La cinquième partie de l’ouvrage est moins bien identifiée. Intitulée « Témoins », elle rend compte de la table ronde organisée lors du colloque de 2011. Mais seule figure une transcription des propos de Boris Cyrulnik insistant sur deux risques à éviter dans l’étude des enfances en guerre : l’héroïsation et la victimisation. Le témoignage d’Esther Mujawayo qui a vécu sur le génocide rwandais en tant qu’humanitaire et mère de trois enfants petits est particulièrement fort. Enfin, l’ouvrage se termine par trois textes très courts (une à deux pages) dans lesquels Boris Cyrulnik revient sur sa rencontre avec les Brauner, et Stéphane Audoin-Rouzeau et Manon Pignot insistent sur le caractère interdisciplinaire de la recherche sur et à partir des dessins d’enfants.
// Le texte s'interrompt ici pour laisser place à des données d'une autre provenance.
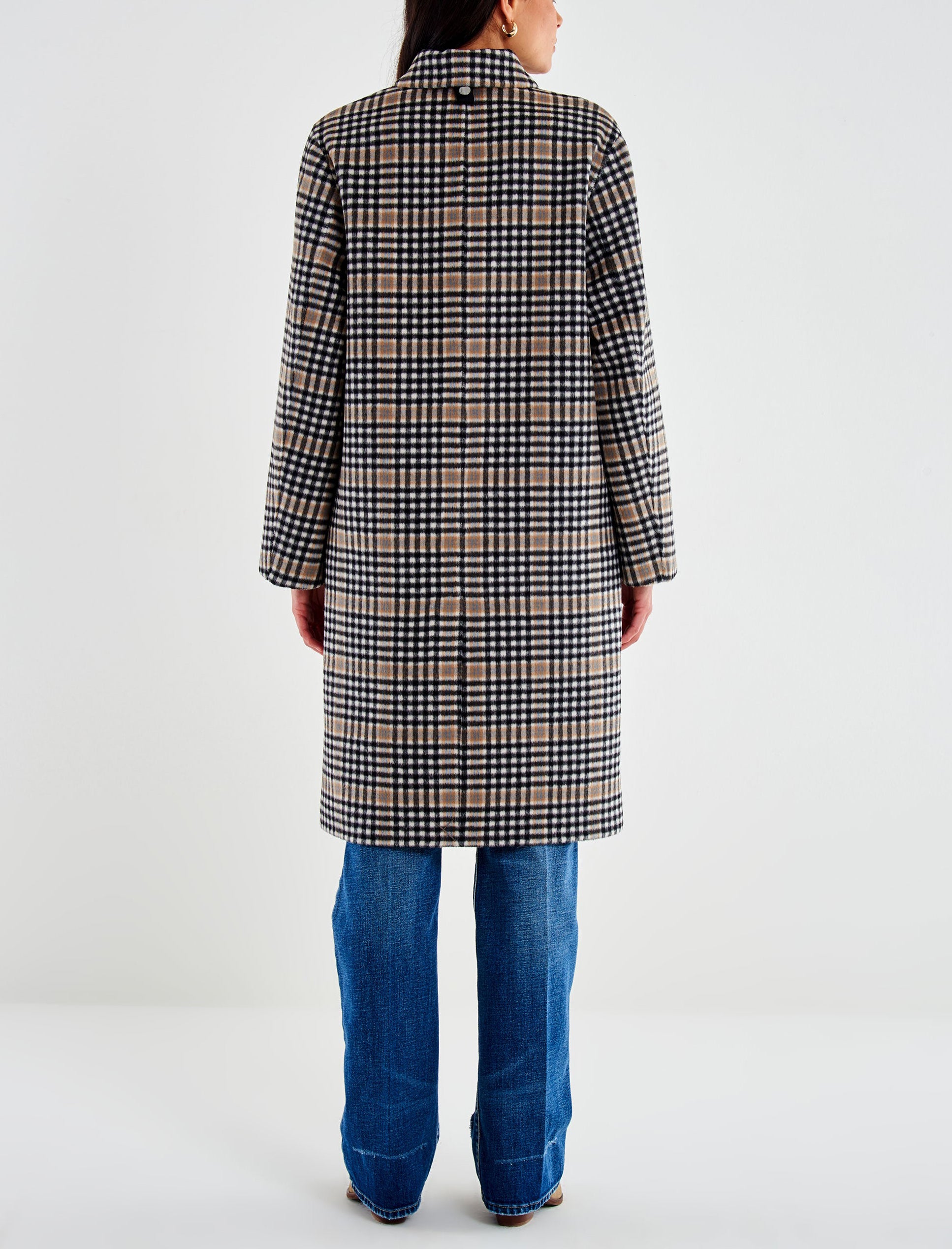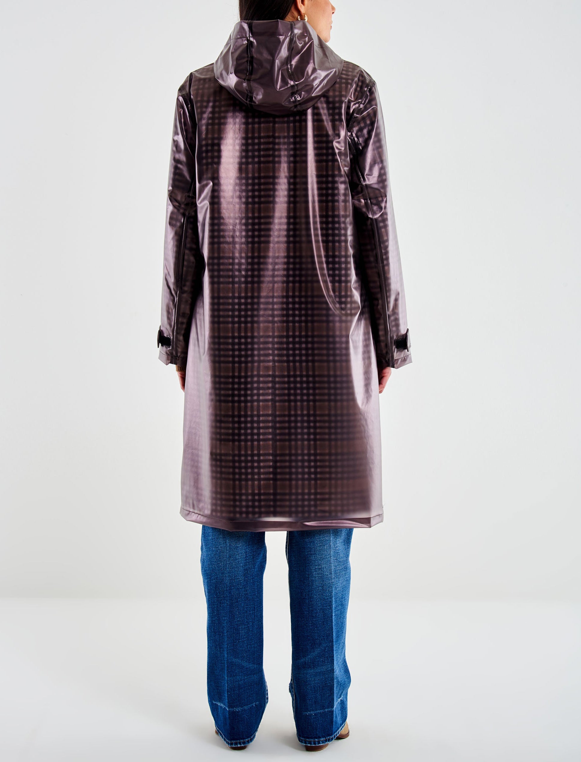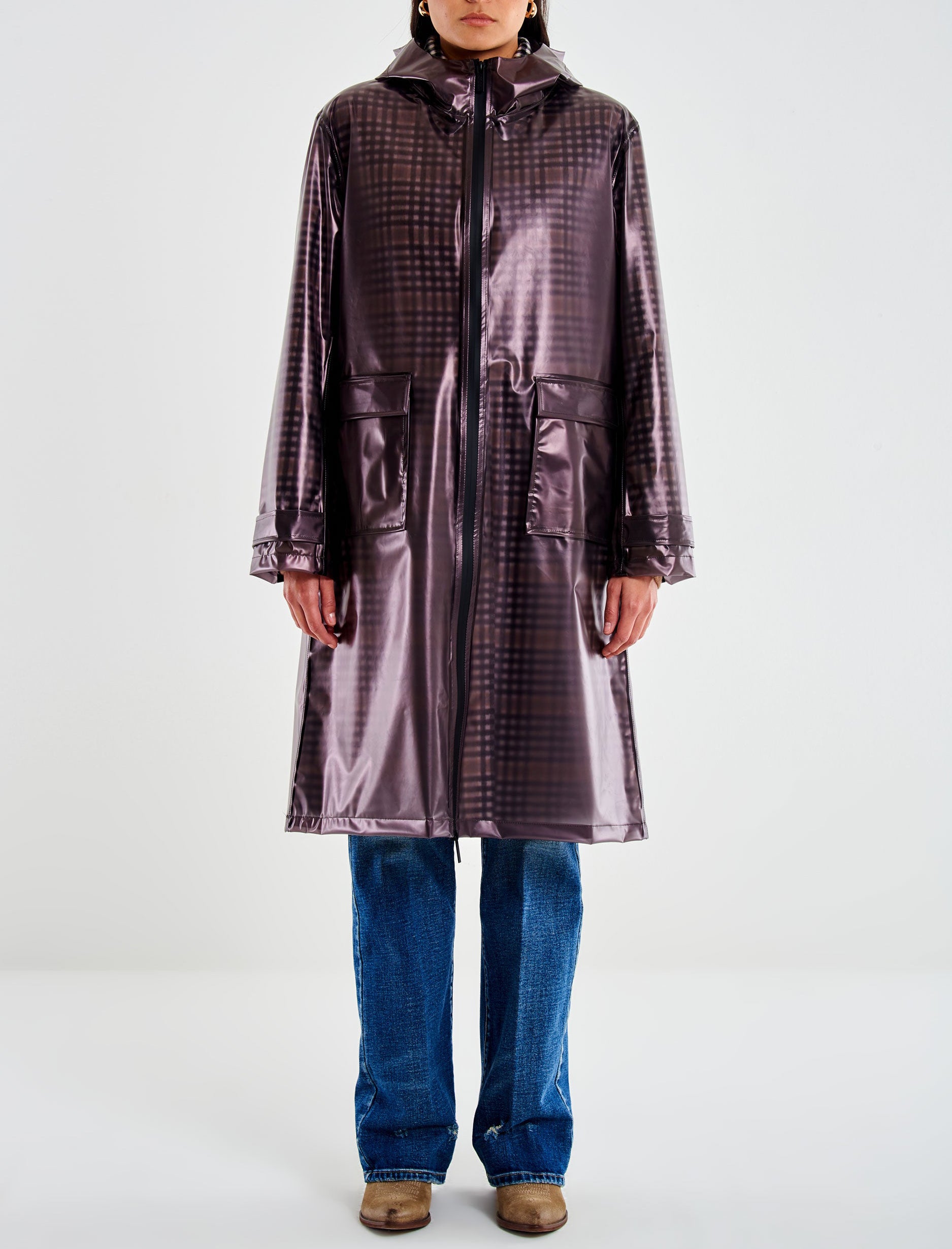 Cappotto lungo a quadri maniche lunghe con colletto. Chiusura frontale monopetto. Tasche frontali a pattina applicate. Spacco sul retro. Dettaglio impermeabile con cappuccio, con chiusura frontale con cerniera e tasche frontali con patta combinato. I due capi non sono vendibili separatamente.
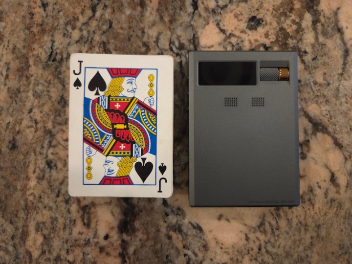 The top of the RU9 features a tinted plastic “window” that ensures the metal chassis around that area does not block the BT antenna. The left side features three equally spaced, identical-sized playback transport buttons with a tactile feel, as well as separate “skip next” and “skip back” buttons, and a play/pause button positioned between them. The right side features a power button at the top, which can turn the power on or off with a long press, and the display on or off with a short press. Then, you have a multicolor indicator LED to show when the device is charging (red) or displaying various colors for different sampling rates.

Cet ouvrage marque une étape dans le développement des Childhood Studies en France en considérant les sources de l’enfance (i. e. issues des enfants eux-mêmes : dessins, témoignages, correspondances) comme une documentation de premier intérêt à traiter avec méthode et esprit critique. Ce faisant il ouvre la voie à des études transdisciplinaires où l’histoire à toute sa place, notamment sur l’empowerment/agency des enfants et leur construction subjective.